(Provided material begins)
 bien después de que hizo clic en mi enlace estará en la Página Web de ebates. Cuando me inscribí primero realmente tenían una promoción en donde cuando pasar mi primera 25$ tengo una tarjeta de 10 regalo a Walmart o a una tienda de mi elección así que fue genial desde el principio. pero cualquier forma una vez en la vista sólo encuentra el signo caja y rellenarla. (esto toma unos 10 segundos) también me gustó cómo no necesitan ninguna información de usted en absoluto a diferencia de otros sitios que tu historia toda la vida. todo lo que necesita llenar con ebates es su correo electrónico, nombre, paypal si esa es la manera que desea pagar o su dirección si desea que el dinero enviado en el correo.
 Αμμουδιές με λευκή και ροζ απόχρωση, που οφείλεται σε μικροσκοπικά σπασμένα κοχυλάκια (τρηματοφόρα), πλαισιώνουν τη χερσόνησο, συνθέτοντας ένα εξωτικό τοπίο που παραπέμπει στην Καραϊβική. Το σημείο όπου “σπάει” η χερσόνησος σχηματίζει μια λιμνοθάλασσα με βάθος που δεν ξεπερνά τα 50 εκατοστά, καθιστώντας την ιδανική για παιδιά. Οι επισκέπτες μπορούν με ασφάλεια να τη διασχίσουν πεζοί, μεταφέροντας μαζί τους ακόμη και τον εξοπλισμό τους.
(Provided material ends)
(Provided material begins)
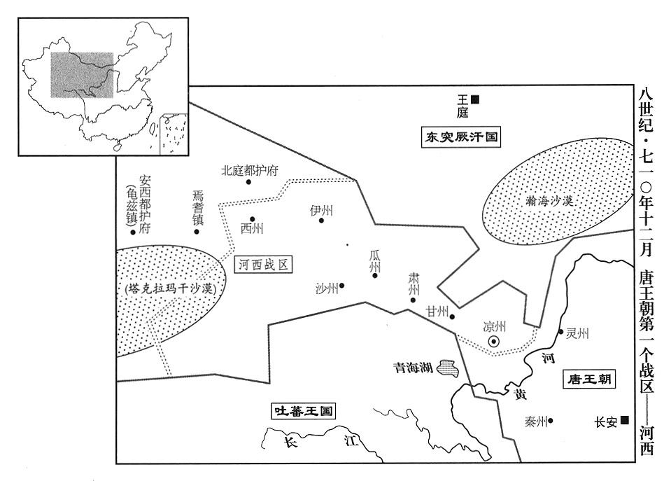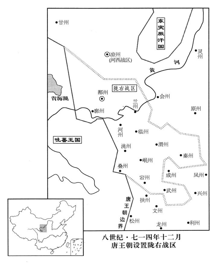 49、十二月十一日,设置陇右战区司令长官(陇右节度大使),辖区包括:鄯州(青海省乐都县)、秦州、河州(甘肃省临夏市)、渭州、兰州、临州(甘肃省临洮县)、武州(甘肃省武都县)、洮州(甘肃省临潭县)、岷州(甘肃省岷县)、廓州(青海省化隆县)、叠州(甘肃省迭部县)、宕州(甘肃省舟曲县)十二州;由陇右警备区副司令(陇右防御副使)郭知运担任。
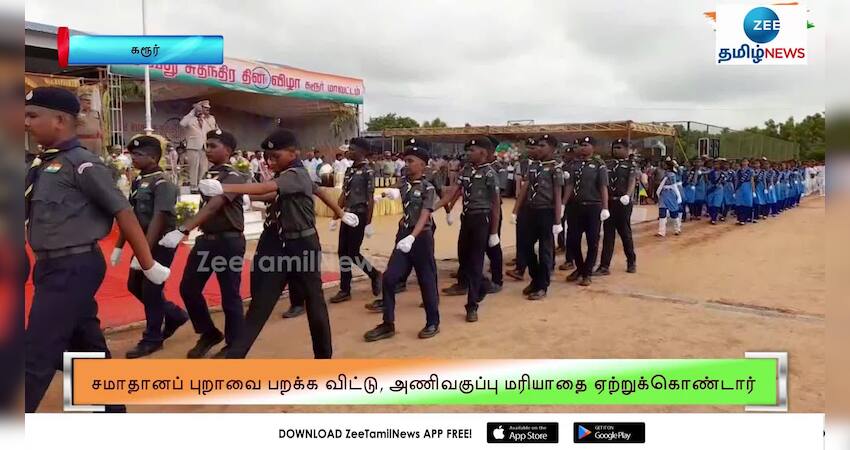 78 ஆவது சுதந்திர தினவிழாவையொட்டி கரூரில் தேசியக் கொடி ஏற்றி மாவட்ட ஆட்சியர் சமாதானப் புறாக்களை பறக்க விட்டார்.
(Provided material ends)
(Provided material begins)
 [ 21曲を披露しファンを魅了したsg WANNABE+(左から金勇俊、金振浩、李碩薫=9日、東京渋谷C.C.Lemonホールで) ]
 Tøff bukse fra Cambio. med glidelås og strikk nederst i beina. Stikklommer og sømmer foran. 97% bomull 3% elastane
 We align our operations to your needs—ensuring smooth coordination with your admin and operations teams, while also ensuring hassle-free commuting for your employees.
(Provided material ends)
Task to carry out - In the listing above, find the line containing "Tøff bukse fra" and the line containing "We align our", then quote both, plus every line between them, exactly as written.

Written response -
 Tøff bukse fra Cambio. med glidelås og strikk nederst i beina. Stikklommer og sømmer foran. 97% bomull 3% elastane
 We align our operations to your needs—ensuring smooth coordination with your admin and operations teams, while also ensuring hassle-free commuting for your employees.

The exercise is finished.